[Exercise materials]:
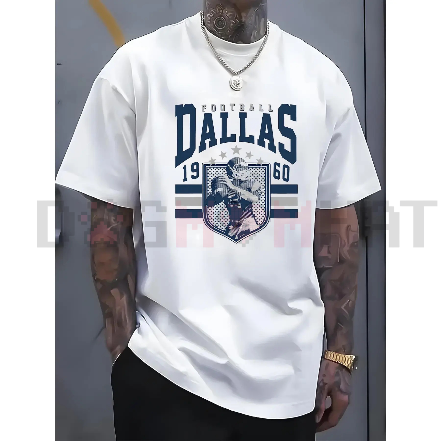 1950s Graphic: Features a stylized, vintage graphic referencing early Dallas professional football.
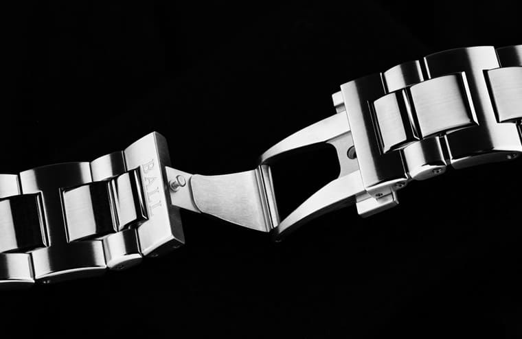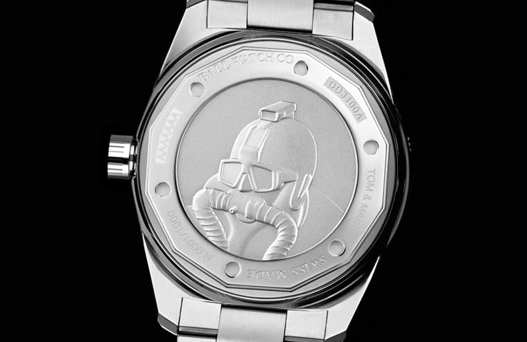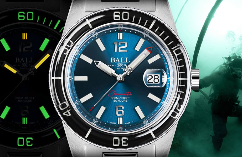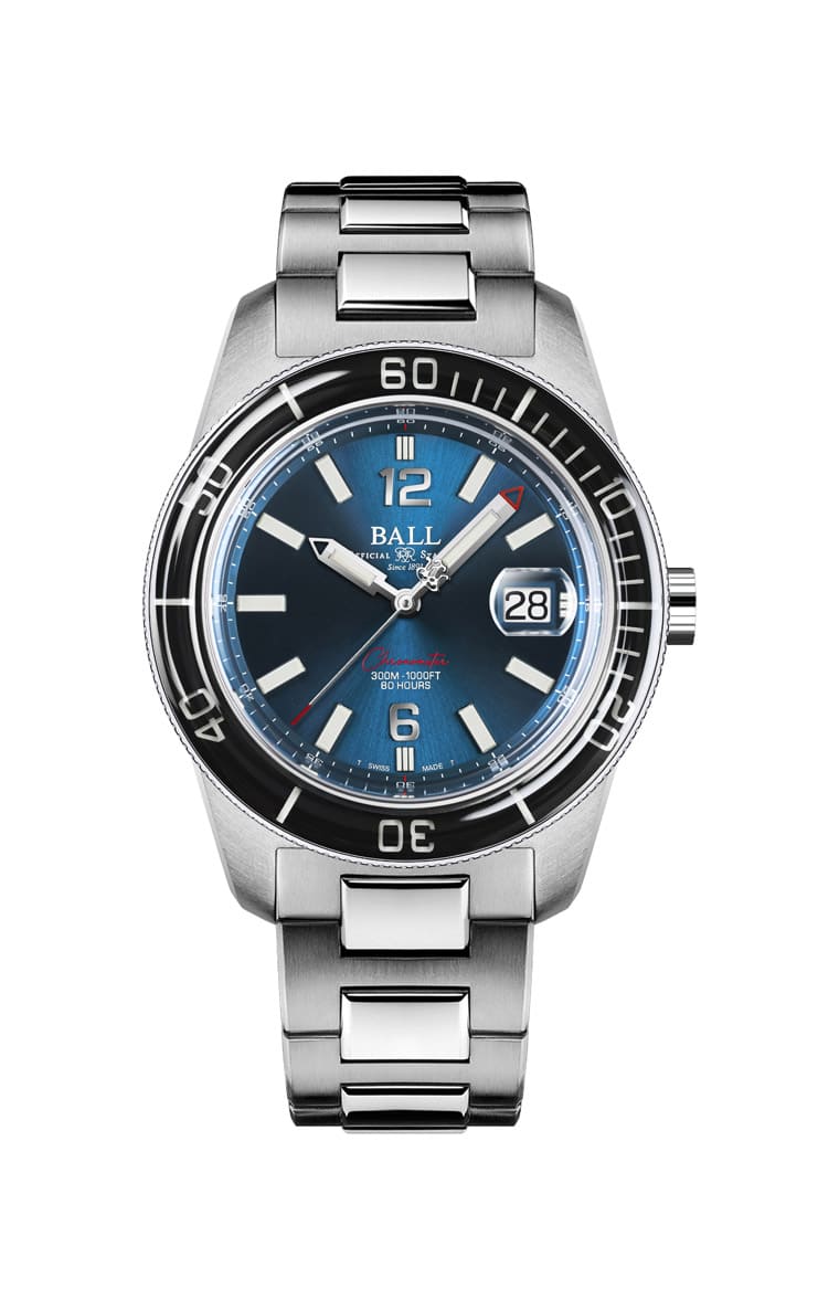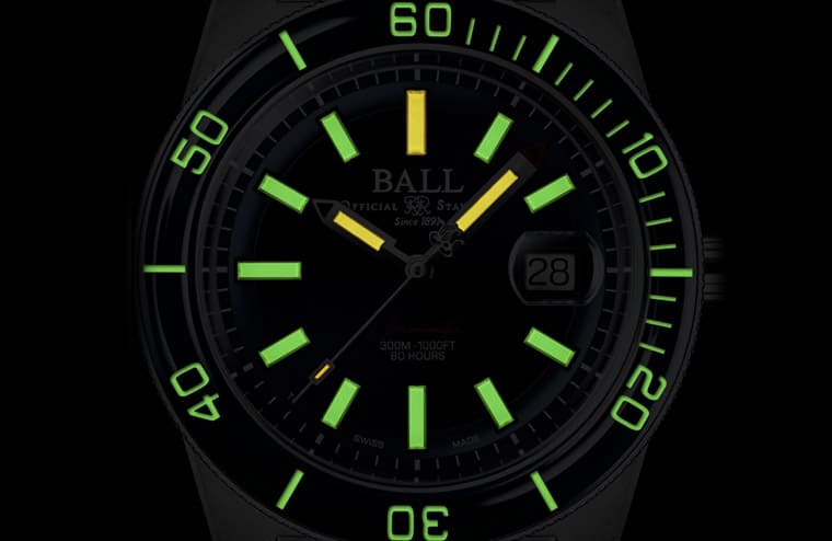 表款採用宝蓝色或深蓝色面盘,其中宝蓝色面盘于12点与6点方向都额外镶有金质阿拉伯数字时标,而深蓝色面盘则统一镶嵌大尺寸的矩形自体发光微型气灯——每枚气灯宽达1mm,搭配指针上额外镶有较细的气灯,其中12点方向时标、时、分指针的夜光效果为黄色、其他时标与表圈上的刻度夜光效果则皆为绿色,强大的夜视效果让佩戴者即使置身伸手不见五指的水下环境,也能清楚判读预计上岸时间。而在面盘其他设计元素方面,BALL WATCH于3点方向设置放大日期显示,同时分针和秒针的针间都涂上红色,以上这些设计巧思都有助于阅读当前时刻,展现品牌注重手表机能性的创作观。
---
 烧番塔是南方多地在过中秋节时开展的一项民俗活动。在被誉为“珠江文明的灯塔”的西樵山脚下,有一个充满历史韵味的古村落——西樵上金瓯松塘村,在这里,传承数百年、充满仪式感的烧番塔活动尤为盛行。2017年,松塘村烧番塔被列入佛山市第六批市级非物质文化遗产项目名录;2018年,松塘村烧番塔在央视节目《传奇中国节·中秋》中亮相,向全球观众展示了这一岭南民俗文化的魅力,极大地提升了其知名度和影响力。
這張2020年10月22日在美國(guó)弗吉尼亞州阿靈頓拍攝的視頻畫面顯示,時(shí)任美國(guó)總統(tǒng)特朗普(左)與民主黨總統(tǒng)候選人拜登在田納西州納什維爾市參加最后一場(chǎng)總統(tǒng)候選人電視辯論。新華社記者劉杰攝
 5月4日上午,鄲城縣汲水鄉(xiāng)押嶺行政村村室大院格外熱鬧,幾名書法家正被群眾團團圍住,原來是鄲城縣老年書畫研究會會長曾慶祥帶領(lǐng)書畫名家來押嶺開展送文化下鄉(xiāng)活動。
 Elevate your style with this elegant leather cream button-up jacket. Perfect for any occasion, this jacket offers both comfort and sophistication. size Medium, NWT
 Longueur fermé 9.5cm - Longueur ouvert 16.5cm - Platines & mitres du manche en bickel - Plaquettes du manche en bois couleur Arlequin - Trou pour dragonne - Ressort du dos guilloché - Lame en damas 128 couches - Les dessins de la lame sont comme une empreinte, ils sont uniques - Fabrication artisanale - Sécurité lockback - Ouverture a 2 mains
==
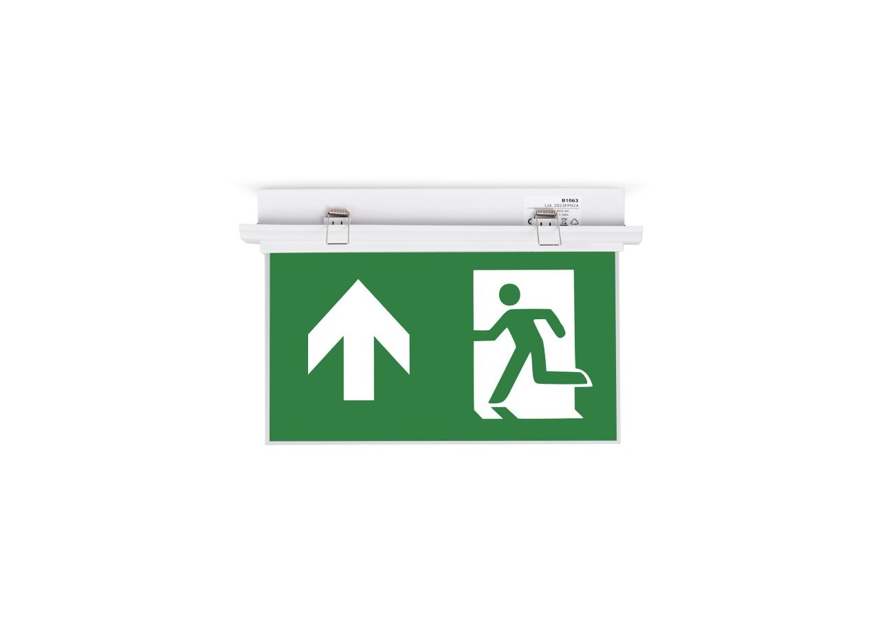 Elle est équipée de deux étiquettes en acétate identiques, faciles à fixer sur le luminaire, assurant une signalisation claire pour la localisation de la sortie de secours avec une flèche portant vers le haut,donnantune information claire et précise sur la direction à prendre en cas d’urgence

[What to work on]: Out of the entries above, write out only the lines between the line holding "這張2020年10月22日在" and the line holding "Longueur fermé 9.5cm", inclusive, each exactly as given.

[Response to the exercise]:
這張2020年10月22日在美國(guó)弗吉尼亞州阿靈頓拍攝的視頻畫面顯示,時(shí)任美國(guó)總統(tǒng)特朗普(左)與民主黨總統(tǒng)候選人拜登在田納西州納什維爾市參加最后一場(chǎng)總統(tǒng)候選人電視辯論。新華社記者劉杰攝
 5月4日上午,鄲城縣汲水鄉(xiāng)押嶺行政村村室大院格外熱鬧,幾名書法家正被群眾團團圍住,原來是鄲城縣老年書畫研究會會長曾慶祥帶領(lǐng)書畫名家來押嶺開展送文化下鄉(xiāng)活動。
 Elevate your style with this elegant leather cream button-up jacket. Perfect for any occasion, this jacket offers both comfort and sophistication. size Medium, NWT
 Longueur fermé 9.5cm - Longueur ouvert 16.5cm - Platines & mitres du manche en bickel - Plaquettes du manche en bois couleur Arlequin - Trou pour dragonne - Ressort du dos guilloché - Lame en damas 128 couches - Les dessins de la lame sont comme une empreinte, ils sont uniques - Fabrication artisanale - Sécurité lockback - Ouverture a 2 mains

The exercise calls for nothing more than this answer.